Русалка выставила перед собой меч, готовая сражаться, и Якоб остановился. Он вперил в нее взгляд своих белесых глаз, протянул огромную почерневшую руку и прохрипел:

— Отдай!

— Верни Антона! Верни, и я отдам тебе меч Вольронта! — крикнула русалка.

Рядом раздался шорох, и из-за колонны показался Нестор Карлович.

— Аннушка, не отдавай, — сказал он дрожащим голосом. — Это меч Вольронта, невиданная сила сокрыта в нем. Закопать его надобно в усыпальнице, от греха подальше. Если Властелин сейчас пробудится, несдобровать нам всем!

— Поздно, — прохрипел Якоб; слова давались ему тяжело, голос был низким, едва слышным, — он уже пробуждается.

— Я отдам меч. Мне плевать на этого Вольронта! Верни Антона.

— Хорошо, — кивнул Якоб.

Утроба его забулькала, горло неимоверно раздулось, приподнимая жирный складчатый подбородок; глаза, подернутые сизым бельмом, едва не повылезали из орбит. С громким, рычаще-чавкающим звуком, Якоб изрыгнул большой, размером с хрёпла, ком, покрытый слизью и чем-то наподобие волос. Ком откатился в угол. Монах согнулся пополам и тяжело дышал; слизь из его рта струилась на пол.
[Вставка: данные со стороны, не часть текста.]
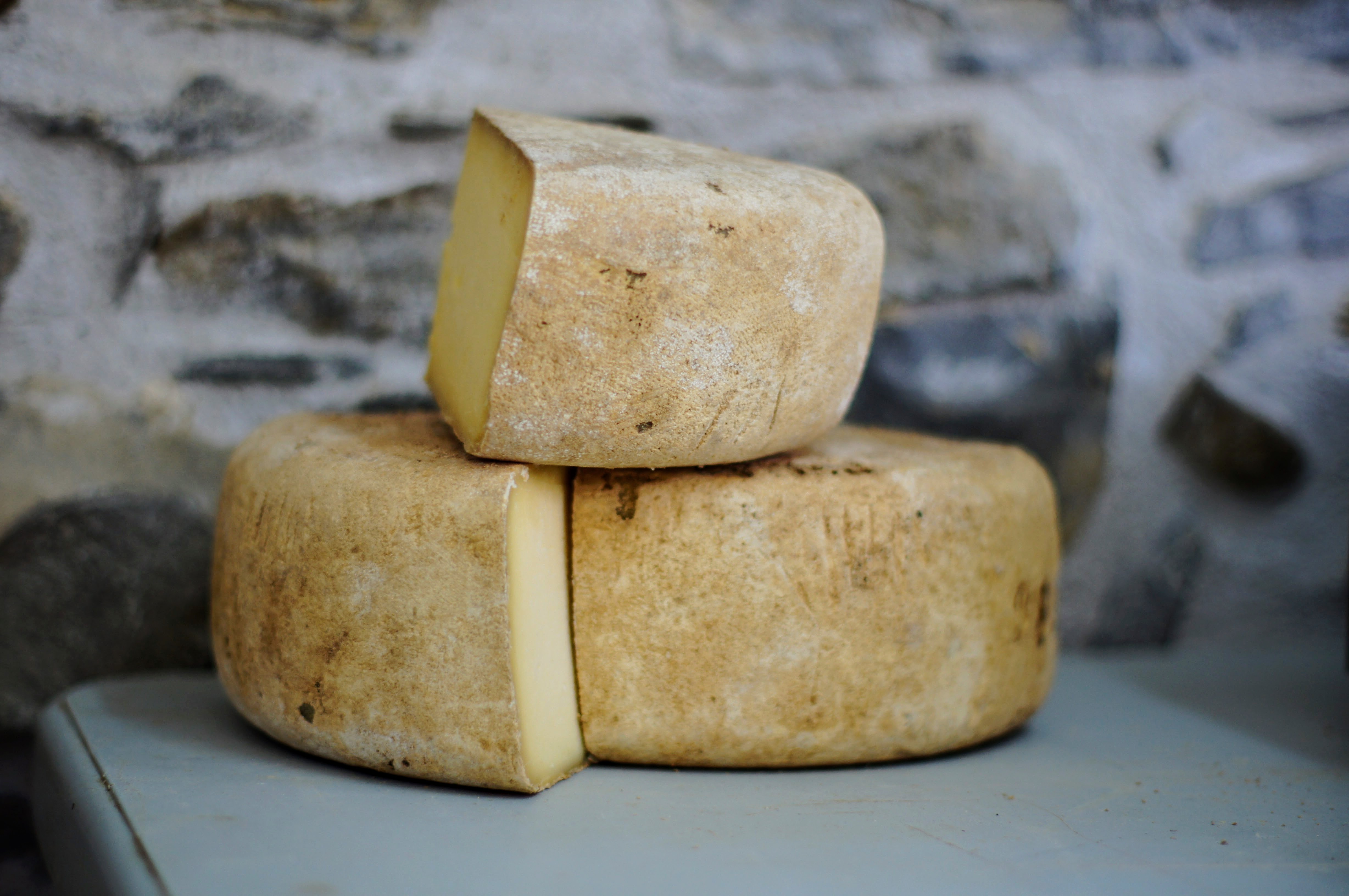 Sainte-Colome, France

А изрыгнутый им сгусток вдруг забурлил, будто вскипел, и, пузырясь, принялся увеличиваться, выстреливая в разные стороны струйками гнилостных испарений. Не прошло и минуты, как размерами он сравнялся с человеком и вид приобрел скорее некоего кокона, нежели сгустка слизи. Кокон зашевелился — кто-то явно желал вырваться оттуда наружу. Раздвигая липкую волосяную оболочку, показалась перепачканная серой слизью рука, затем — вторая, затем голова. Это был Антон! Полуживой, едва не задохнувшийся, совсем обессилевший.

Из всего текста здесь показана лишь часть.